Mrs. Hibberdell was glad. At least there would be no disturbance here. She feared Carlotta, feared Eugene, but she saw no reason for complaint. In her presence all was seemingly formal and at times almost distant. She did not like to say to her daughter that she should not come to her own home now that Eugene was here, and she did not like to tell him to leave. Carlotta said she liked him fairly well, but that was nothing. Any married woman might do that. Yet under her very eyes was going forward the most disconcerting license. She would have been astounded if she had known the manner in which the bath, Carlotta's chamber and Eugene's room were being used. The hour never struck when they were beyond surveillance but what they were together.
Eugene grew very indifferent in the matter of his work. From getting to the point where he was enjoying it because he looked upon it as a form of exercise which was benefiting him, and feeling that he might not have to work indefinitely if he kept up physical rehabilitation at this pace, he grew languid about it and moody over the time he had to give to it. Carlotta had the privilege of a certain automobile and besides she could afford to hire one of her own. She began by suggesting that he meet her at certain places and times for a little spin and this took him away from his work a good portion of the time.
"You don't have to work every day, do you?" she asked him one Sunday afternoon when they were alone. Simpson and Mrs. Hibberdell had gone out for a walk and they were in her room on the second floor. Her mother's was on the third.

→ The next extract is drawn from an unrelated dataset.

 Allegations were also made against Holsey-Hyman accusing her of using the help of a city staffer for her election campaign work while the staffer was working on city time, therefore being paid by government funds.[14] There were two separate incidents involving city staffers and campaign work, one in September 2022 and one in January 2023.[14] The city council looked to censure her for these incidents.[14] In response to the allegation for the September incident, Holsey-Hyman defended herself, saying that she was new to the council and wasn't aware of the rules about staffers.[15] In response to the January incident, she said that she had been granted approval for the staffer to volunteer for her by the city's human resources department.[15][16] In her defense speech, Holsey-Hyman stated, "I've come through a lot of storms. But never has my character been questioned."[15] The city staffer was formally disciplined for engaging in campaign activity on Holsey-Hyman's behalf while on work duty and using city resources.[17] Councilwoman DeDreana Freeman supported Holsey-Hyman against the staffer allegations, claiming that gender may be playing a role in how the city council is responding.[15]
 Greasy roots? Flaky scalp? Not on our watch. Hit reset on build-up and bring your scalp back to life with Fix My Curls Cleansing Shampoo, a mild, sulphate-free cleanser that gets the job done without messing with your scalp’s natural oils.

"I don't have to," he said, "if I don't mind losing the money they pay. It's fifteen cents an hour and I need that. I'm not working at my regular profession, you must remember."
"Oh, chuck that," she said. "What's fifteen cents an hour? I'll give you ten times that to come and be with me."

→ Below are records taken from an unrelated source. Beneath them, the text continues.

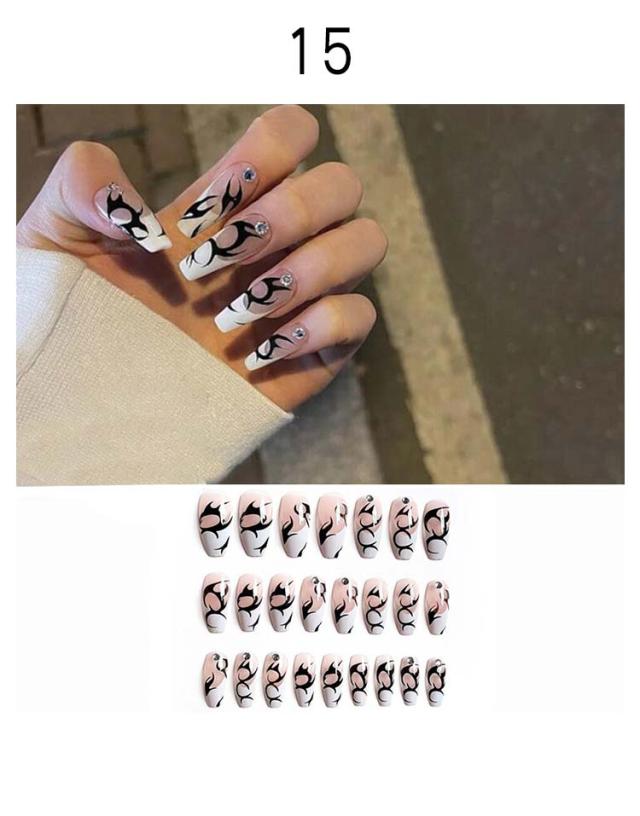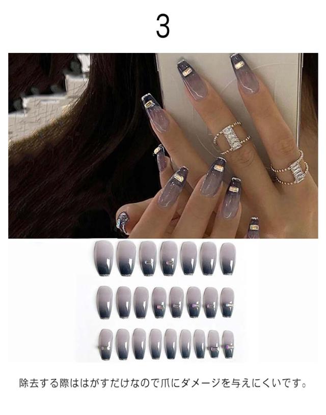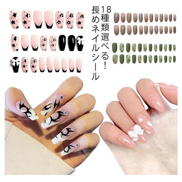 | 18種類選べる!長めネイル 貼るだけで可愛いアートが楽しめるネイル! お手軽!セルフネイルの完成! 除去する際ははがすだけなので爪にダメージを与えにくいです。 | |
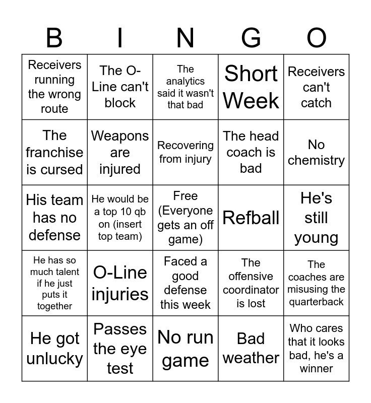This bingo card has a free space and 25 words: O-Line injuries, No run game, Recovering from injury, He got unlucky, Receivers can't catch, Receivers running the wrong route, The franchise is cursed, The O-Line can't block, Refball, Faced a good defense this week, The head coach is bad, His team has no defense, The offensive coordinator is lost, The coaches are misusing the quarterback, Weapons are injured, Quarterback is playing with rookies or players with minimal starting experience, He's still young, The analytics said it wasn't that bad, No chemistry, He would be a top 10 qb on (insert top team), Who cares that it looks bad, he's a winner, Passes the eye test, He has so much talent if he just puts it together, Short Week and Bad weather.
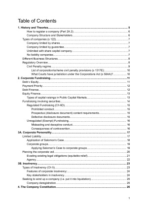 These notes provide a comprehensive and structured breakdown of Corporations Law, outlining all relevant case law, legislation, and succinct topic scaffolds that outline key principles and will prove invaluable in timed exam conditions. Cases outline: - Facts; - Issues; - Principles; and - Reasoning ✓ Comprehensive ✓ Structured ✓ Colour-coded ✓ Scaffolds Topics: 1. History and Theories 2. Corporate Fundraising 3A. Corporate Personality 3B. Insolvency 4. The Company Constitution 5. Company meetings 6. Corporate Contractual Liability 7. Corporate Attribution and Liability (tort, criminal) 8. Directors’ Duties 9. Insolvent trading (s 588G) 10. Members’ rights and remedies
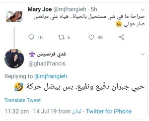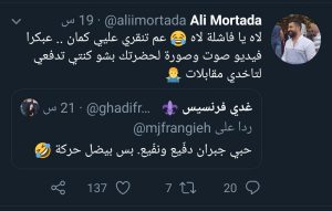 تجاذبات جديد بين الزميل علي مرتضى و غدي فرنسيس المستفزه لعلي مجددا والواضح انها ( مقروصه) منه ولم توفر مناسبه او ريتويت الا وتلاحقه بها فما كان من علي مرتضى الا ان استوعبها وطلب ديو عله ينشهر باسلوبها

"No, you won't," he said. "You won't give me anything. We won't go anywhere on that basis."
"Oh, Eugene, how you talk. Why won't you?" she asked. "I have lots of it—at least lots more than you have just now. And it might as well be spent this way as some other. It won't be spent right anyhow—that is not for any exceptional purpose. Why shouldn't you have some of it? You can pay it back to me."
"I won't do it," said Eugene. "We won't go anywhere on that basis. I'd rather go and work. It's all right, though. I can sell a picture maybe. I expect to hear any day of something being sold. What is it you want to do?"
"I want you to come automobiling with me tomorrow. Ma is going over to her sister Ella's in Brooklyn. Has that shop of yours a phone?"
"Sure it has. I don't think you'd better call me up there though."